Projektlaufzeit: 2011-2012

Internationaler Rahmen

Um die Verschmutzung der Nordsee zu reduzieren, wurde auf der Nordseeministerkonferenz 2002 beschlossen, ein System aus verbindlichen ökologischen Qualitätszielen (Ecological Quality Objectives = EcoQOs) einzuführen. Im Rahmen der internationalen Fulmar Litter EcoQO-Studie wurde von 2002 bis 2004 untersucht, ob die Mageninhalte von Eissturmvogel-Spülsaumfunden ein geeigneter Indikator für die Plastikmüllbelastung der Nordsee sind. Der Indikator wurde für die internationale Implementierung dieses EcoQOs weiterentwickelt (van Franeker et al. 2005). Abschließend wurde als Zielwert (EcoQO) empfohlen: "Weniger als 10 % der Eissturmvögel sollten 0,1 g oder mehr Plastikmüll im Magen haben; innerhalb einer Stichprobe von 50-100 Eissturmvogel-Spülsaumfunden für jede von 5 verschiedenen Nordseeregionen über einen Zeitraum von mindestens 5 Jahren."

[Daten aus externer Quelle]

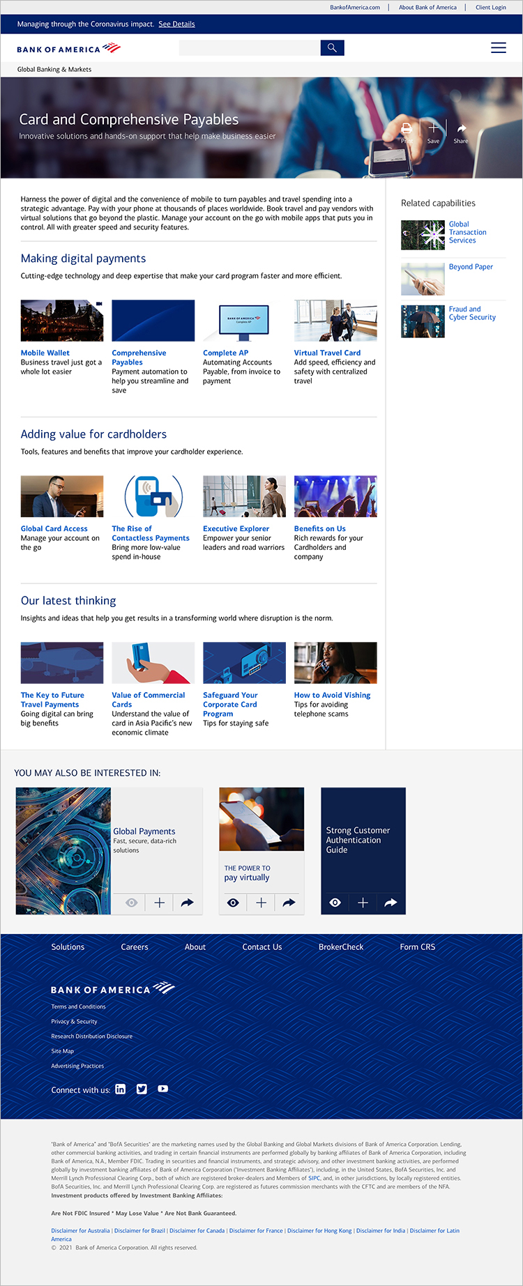 UX and UI design, photography and illustration for Bank of America's Global Business & Markets site.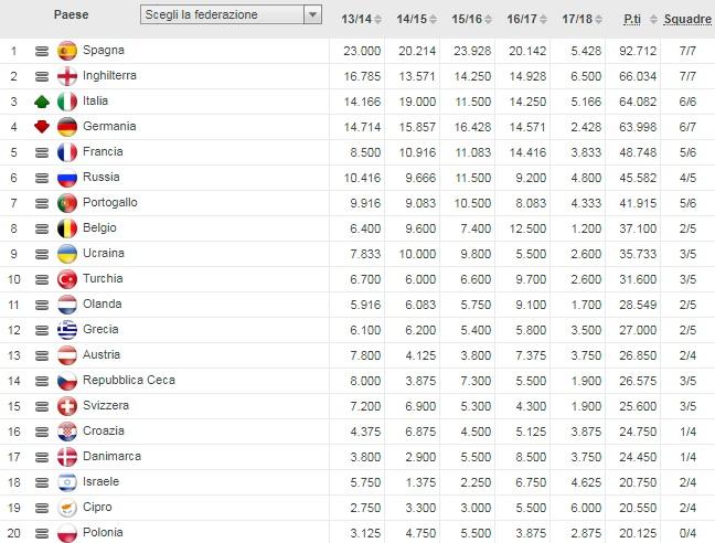 RANKING COMPETIZIONI CLUB:

Das Projekt wird international koordiniert durch das Institute for Marine Resources and Ecosystem Studies (IMARES) in den Niederlanden. Für den niederländischen Teil der Nordsee liegen bereits Langzeitdaten vor, an denen sich deutliche Trends in der Plastikmüllbelastung erkennen lassen (vgl. van Franeker & The SNS Fulmar Study Group 2011, van Franeker et al. 2011). Für die gesamte Nordsee berechnet, haben aktuell 95% der Eissturmvögel Plastikmüll im Magen und 60% überschreiten den kritischen 0,1 g EcoQO-Zielwert. Der durchschnittliche Mageninhalt enthält 30 Plastikpartikel, die 0,33 g wiegen (van Franeker & The SNS Fulmar Study Group 2011).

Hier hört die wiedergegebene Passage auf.